Performance Optimization

Memory Management

For large datasets:

# Monitor memory usage during processing
function fetch_with_monitoring(dataset, year)
    println("Memory before: $(Base.gc_bytes() ÷ 1024^2) MB")
    
    df = fetch_dataset(dataset, year)
    
    println("Memory after: $(Base.gc_bytes() ÷ 1024^2) MB")
    println("Retrieved $(nrow(df)) rows, $(ncol(df)) columns")
    
    return df
end

Processing Large Datasets

The package includes progress logging for large datasets:

# Enable detailed logging
using Logging
global_logger(ConsoleLogger(stderr, Logging.Info))

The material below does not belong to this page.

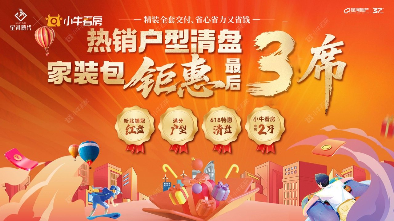 项目优惠定金1万起买吾悦旁 清盘倒计时 星河品质精装 送5万家装礼包 小牛看房客户享特惠一口价房源 买星河时代 享优惠 找小牛看房

# Fetch large dataset with progress updates
df = fetch_dataset("large_dataset_id", 2022)

Batch Processing

For multiple years or datasets:

function fetch_multiple_years(dataset, years)
    results = DataFrame()
    
    for year in years
        try
            yearly_data = fetch_dataset(dataset, year)
            if nrow(yearly_data) > 0
                append!(results, yearly_data)
                println("✓ Year $year: $(nrow(yearly_data)) records")
            else
                println("⚠ Year $year: No data")
            end
        catch e
            println("✗ Year $year: Failed ($e)")
        end
        
        # Optional: add delay between requests
        sleep(1)
    end
    
    return results
end

# Usage
multi_year_data = fetch_multiple_years("nama_10_gdp", 2020:2023)

Module Structure

EurostatAPI.jl is organized as a single module with three main exported functions:

fetch_dataset(): Primary data retrieval function with optional filtering
fetch_with_fallback(): Automatic retry with filters on 413 errors
fetch_dataset_chunked(): Fetch large datasets in manageable chunks
get_dataset_metadata(): Retrieve available dimensions and codes
get_dataset_years(): Helper for year ranges
process_eurostat_data(): Core data processing (also exported for advanced users)

The module depends on:

HTTP.jl: For API requests
JSON3.jl: For JSON parsing
DataFrames.jl: For data structure output
Dates.jl: For timestamp handling

Extending the Package

Advanced users can extend EurostatAPI.jl by:

Custom Processing: Using process_eurostat_data() with modified JSON data
Additional Endpoints: Building on the HTTP request patterns
Data Transformations: Post-processing the returned DataFrames
Caching: Implementing local data caching for frequently accessed datasets

Example of custom processing:

using EurostatAPI
using HTTP, JSON3

# Custom function for a specific dataset type
function fetch_with_custom_processing(dataset, year)
    # Use the same HTTP request pattern
    url = "https://ec.europa.eu/eurostat/api/dissemination/statistics/1.0/data/$dataset?time=$year"
    response = HTTP.get(url, readtimeout=120)
    
    if response.status == 200
        data = JSON3.read(response.body)
        
        # Apply custom processing here
        # Then use the standard processor
        df = process_eurostat_data(data, dataset, year)
        
        # Additional custom transformations
        # ...
        
        return df
    else
        error("Request failed with status $(response.status)")
    end
end